What quite doesnt tie up with me.. is how a full reset to open profile will give you a few days to supposedly download the updated ECI f/w.
Openreach appear to be forcing g.inp except on open profile.. so is it DLM forcing it rather than the DSLAM? Something is.
I thought the general principle was that DLM sets out what
ought to happen, with a variety of configuration property settings, including some minimums and maximums (and we don't get to see all of these), and the DSLAM follows a channel initialisation policy that attempts to maximise X, minimise Y (etc) within constraints set by those DLM configuration properties.
I think that a DLM reset, of either variety, fundamentally changes the set of DLM configuration properties to something that either a) turns G.INP off and turns interleaving off; or b) turns G.INP off, and turns interleaving on downstream.

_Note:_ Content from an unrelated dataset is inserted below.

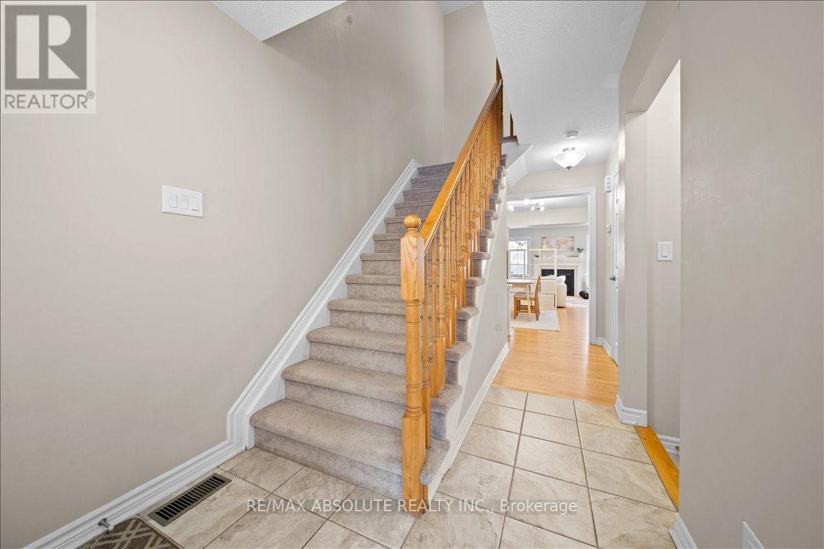 LGorgeous home on a VERY desired circle! This LARGE model offers a main floor den at the very front of the home, perfect if you work from home (currently used as a mudroom)! HARDWOOD THROUGHOUT! NEW modern lighting. Updated kitchen offers stainless appliances & LOTS of shaker style cabinets. There is a gas fireplace in the great room. The formal dining room could also be a super fun playroom.. this is one of the biggest townhomes available! 2nd level laundry! The big master has a 4 piece ensuite! 2 additional good size bedrooms complete the 2nd floor. Professionally FULLY finished bright lower level complete with a 3rd FULL bath. FENCED yard! A must see! Possession can be Dec 1ST- Utilities are EXTRA. Pets restriction in place (id:49712)

I haven't figured out why there might be two different starting points, or why they might be chosen.
When DLM "turns on G.INP", it makes another fundamental change to the configuration properties, that allows retransmission to activate (forced or optional? Interesting debate), but the DSLAM continues to follow a policy of minimisation/maximisation that gives it freedom to alter some of the detailed outcome. This freedom means that some chipset/modem implementations can end up with a different detailed outcome, even if DLM starts out asking for the same thing.
What gives DLM the ability to choose to "turn on G.INP" for a line?
I thought OR had said they run a process to enable G.INP on a regular basis and will continue to do so.
I think this is a process running "above" DLM - a new supervisor process whose job is to determine what options DLM is allowed to choose for an individual line. As far as G.INP/retransmission is concerned, it looks like the default setting here is: "don't consider" - that DLM (in it's nightly decision process) isn't allowed to even consider retransmission as one of the "solutions" to a line in ILQ-RED/CRIMSON/SCARLET.
The supervisor level might then take the responsibility of deciding whether the chipset/modem is one that requires a restriction of the retransmission options.
If there are two levels, then I wonder whether the two different kinds of DLM reset that we see depend on whether the reset is done at the lower (nightly) level, or the upper (supervisor) level.
I could see a reset at the lower level being one that removes retransmission as a "solution", and replaces it with interleaving. I could see a reset at the higher level being one that takes away all "solutions", so DLM (at the lower level) only has the option of an "open profile" left available.
Now, some of the behaviour we've seen over the last year - especially new lines being put to the back of the (long) queue before retransmission is even considered - suggests there is very much a second process involved. Whereas the original DLM worked every night, on every line, in parallel (and still looks to), the new aspects seem to work slowly, over some lines, in a nationwide pool. Something is definitely running to a bigger overview.
If there is a second "something" running, then it makes sense that it makes decisions very independently of the other, nightly, process.